## Problem statement
Since the copy must hold text only, transcribe the data below exactly and omit the images.

## Given information
● ● ● ●
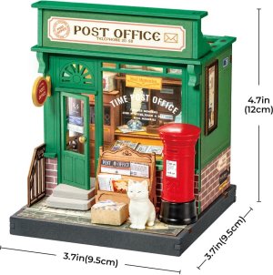 V době před e-maily a chaty byla pošta srdcem každého města či vesnice – místem, které udržovalo spojení mezi lidmi, šířilo zprávy a vytvářelo komunity. Propracovaný model s realistickými detaily: klasické poštovní cedule, nápisy na oknech, psací stroj, balíčky s leteckou poštou, novinový stojan, poštovní schránku a stůl poštmistra. Nechybí ani cihlové zdobení, schodiště a roztomilá kočka, které dotvářejí útulnou atmosféru maloměstského života. Obtížnost: 1 z 5 (dle rozdělení Robotime). Orientační doba na složení: 1,5 hodiny.
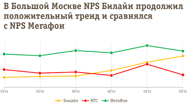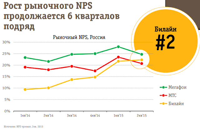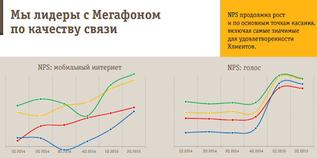 Основной критерий удовлетворенности клиентов - это NPS. Уже 6-й квартал подряд мы растем по NPS. В 2q2015 произошло знаменательное событие, мы вышли на 2-е место в "большой тройке" по NPS. По нашим данным, естественно. (Прим АБ: ВымпелКом не раскрывает методику замеров и вычислений показателя NPS). Прогресс, безусловно заметен. Это оказывает позитивное воздействие и на финансовые показатели, и на размер клиентской базы.
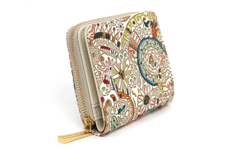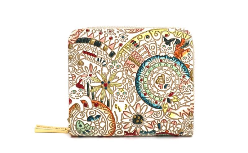 【ふるさと納税】【文庫屋大関】二つ折りファスナーミニ財布 かくれんぼ猫【皮革工芸品】財布 二つ折り 小物 お札 カード 小銭 コンパクト 牛革 手作り 日本製 墨田区 東京都 お届け:発送可能時期より順次配送
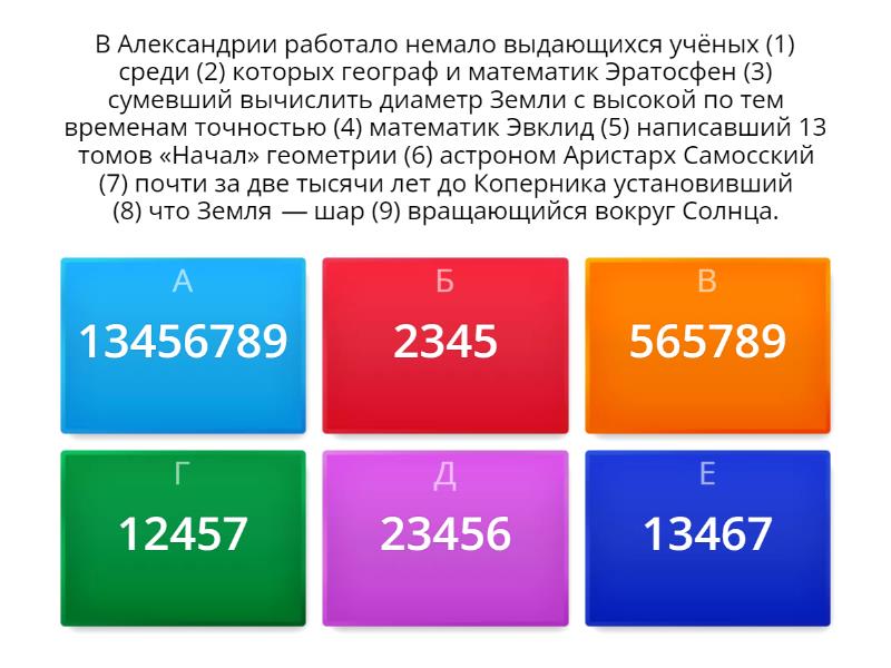 1) В Александрии работало немало выдающихся учёных (1) среди (2) которых географ и математик Эратосфен (3) сумевший вычислить диаметр Земли с высокой по тем временам точностью (4) математик Эвклид (5) написавший 13 томов «Начал» геометрии (6) астроном Аристарх Самосский (7) почти за две тысячи лет до Коперника установивший (8) что Земля  — шар (9) вращающийся вокруг Солнца. a) 13456789 b) 2345 c) 565789 d) 12457 e) 23456 f) 13467 2) Когда всматриваешься в группу «праведных жен»(1) идущих в рай(2) нарисованную на южном столпе(3) то особенно глубоко ощущаешь(4) замысел художника(5) верившего в то(6) что зло исчезнет(7) уступив в мире (8)место добру. a) 23456 b) 123567 c) 2345 d) 1567 e) 45789 f) 2457 3) Национальный театр драмы имени известного алтайского поэта Павла Кучияка (1) это главная культурная достопримечательность столицы Республики Алтай. Здание театра выполнено в стиле традиционного жилища коренных народов (2) благодаря чему (3) его четырёхгранную крышу (4) можно увидеть едва ли не из любой точки города. Помимо четырёхгранного конуса крыши (5) особое внимание привлекает гармоничное сочетание белого и голубого цветов. Это сочетание (6) одна из традиционных особенностей кочевого стиля. a) 13 b) 16 c) 23 d) 12 e) 34 f) 45 4)   РАСЦЕНИВАТЬ  — на конце приставки перед буквой, обозначающей глухой согласный звук, пишется буква С. a) верно b) неверно 5)   ПОДВЕДЕНЫ (итоги)  — в краткой форме имени прилагательного пишется столько же Н, сколько и в полной a) верно b) неверно 6) КОСИЧКИ  — написание безударной чередующейся гласной в корне слова определяется наличием суффикса -А-. a) верно b) неверно 7) РАССТИЛАТЬСЯ  — написание безударной чередующейся гласной в корне слова зависит от его лексического значения. a) верно b) неверно 8)  (решил много) ЗАДАЧ  — в форме множественного числа имени существительного 3-го склонения после шипящего буква Ь не пишется. a) верно b) неверно 9)   (говорил) ПО-АНГЛИЙСКИ  — наречие пишется через дефис, потому что оно образовано от основы имени прилагательного при помощи приставки ПО- и суффикса -И. a) верно b) неверно 10)  СЦЕПЛЕНИЕ  — на конце приставки перед буквой, обозначающей глухой согласный, пишется буква С. a) верно b) неверно
● ● ● ●
## Answer to this task
 V době před e-maily a chaty byla pošta srdcem každého města či vesnice – místem, které udržovalo spojení mezi lidmi, šířilo zprávy a vytvářelo komunity. Propracovaný model s realistickými detaily: klasické poštovní cedule, nápisy na oknech, psací stroj, balíčky s leteckou poštou, novinový stojan, poštovní schránku a stůl poštmistra. Nechybí ani cihlové zdobení, schodiště a roztomilá kočka, které dotvářejí útulnou atmosféru maloměstského života. Obtížnost: 1 z 5 (dle rozdělení Robotime). Orientační doba na složení: 1,5 hodiny.
 Основной критерий удовлетворенности клиентов - это NPS. Уже 6-й квартал подряд мы растем по NPS. В 2q2015 произошло знаменательное событие, мы вышли на 2-е место в "большой тройке" по NPS. По нашим данным, естественно. (Прим АБ: ВымпелКом не раскрывает методику замеров и вычислений показателя NPS). Прогресс, безусловно заметен. Это оказывает позитивное воздействие и на финансовые показатели, и на размер клиентской базы.
 【ふるさと納税】【文庫屋大関】二つ折りファスナーミニ財布 かくれんぼ猫【皮革工芸品】財布 二つ折り 小物 お札 カード 小銭 コンパクト 牛革 手作り 日本製 墨田区 東京都 お届け:発送可能時期より順次配送
 1) В Александрии работало немало выдающихся учёных (1) среди (2) которых географ и математик Эратосфен (3) сумевший вычислить диаметр Земли с высокой по тем временам точностью (4) математик Эвклид (5) написавший 13 томов «Начал» геометрии (6) астроном Аристарх Самосский (7) почти за две тысячи лет до Коперника установивший (8) что Земля  — шар (9) вращающийся вокруг Солнца. a) 13456789 b) 2345 c) 565789 d) 12457 e) 23456 f) 13467 2) Когда всматриваешься в группу «праведных жен»(1) идущих в рай(2) нарисованную на южном столпе(3) то особенно глубоко ощущаешь(4) замысел художника(5) верившего в то(6) что зло исчезнет(7) уступив в мире (8)место добру. a) 23456 b) 123567 c) 2345 d) 1567 e) 45789 f) 2457 3) Национальный театр драмы имени известного алтайского поэта Павла Кучияка (1) это главная культурная достопримечательность столицы Республики Алтай. Здание театра выполнено в стиле традиционного жилища коренных народов (2) благодаря чему (3) его четырёхгранную крышу (4) можно увидеть едва ли не из любой точки города. Помимо четырёхгранного конуса крыши (5) особое внимание привлекает гармоничное сочетание белого и голубого цветов. Это сочетание (6) одна из традиционных особенностей кочевого стиля. a) 13 b) 16 c) 23 d) 12 e) 34 f) 45 4)   РАСЦЕНИВАТЬ  — на конце приставки перед буквой, обозначающей глухой согласный звук, пишется буква С. a) верно b) неверно 5)   ПОДВЕДЕНЫ (итоги)  — в краткой форме имени прилагательного пишется столько же Н, сколько и в полной a) верно b) неверно 6) КОСИЧКИ  — написание безударной чередующейся гласной в корне слова определяется наличием суффикса -А-. a) верно b) неверно 7) РАССТИЛАТЬСЯ  — написание безударной чередующейся гласной в корне слова зависит от его лексического значения. a) верно b) неверно 8)  (решил много) ЗАДАЧ  — в форме множественного числа имени существительного 3-го склонения после шипящего буква Ь не пишется. a) верно b) неверно 9)   (говорил) ПО-АНГЛИЙСКИ  — наречие пишется через дефис, потому что оно образовано от основы имени прилагательного при помощи приставки ПО- и суффикса -И. a) верно b) неверно 10)  СЦЕПЛЕНИЕ  — на конце приставки перед буквой, обозначающей глухой согласный, пишется буква С. a) верно b) неверно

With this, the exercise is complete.